Could you share a moment from your time at sea when you thought, I’m really learning right now?
About a week in, when things were really crazy and we were just getting totally tossed around by the first gale, everything seemed so far out of our comfort zones. So hard. So much information that it seemed impossible that we’d be able to grasp it all enough, that we’d be running the ship in just a couple weeks. Jackie (third mate) was talking to us, and she said something along the lines of “We’re going to encounter a lot of difficult moments here. We can’t get out of it, so we might as well get into it.” That was just something that I felt that all of us took so, so to heart. It’s something that we’ve been reflecting on a lot, too. There was no bad thing that could possibly happen to us, because even the bad things, were really just actually good things. Like having a hard day would turn into a story you talk about, and you laugh about two days later. It all just turns into something amusing, y’know? The bad things were good things, and the good things were good things. Having that mindset that the challenges we were facing were just moments to embrace, not things to be scared of or to dread. This made everything so joyful.
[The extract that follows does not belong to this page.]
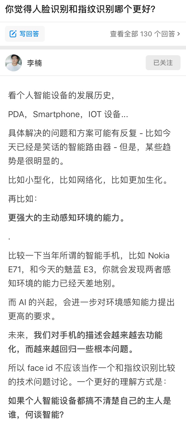 今天在你觉得人脸识别和指纹识别哪个更好这个问题下看到一条回答:

World Oceans Day is coming up next week, Sunday the 8th of June. Over the course of the semester, what has changed in terms of your thinking about the importance of the ocean?
I feel like in the way that 1 is infinitely larger than 0. It all feels impossible to quantify how much the way I think about the ocean has changed over the course of this semester. Not that it wasn’t something that I didn’t care or hadn’t thought about, but just for the path my life has taken so far the ocean was kind of a distant concept. As a place, as a system, it was something I knew conceptually was important, but now it just feels like the ocean is maybe at the center of everything. There isn’t like a single important process ecologically or socially that you couldn’t draw back to the ocean in some way. And on top of all that intellectual care for the ocean, it was really just so special to be able to spend that time at sea. The ocean really became our home.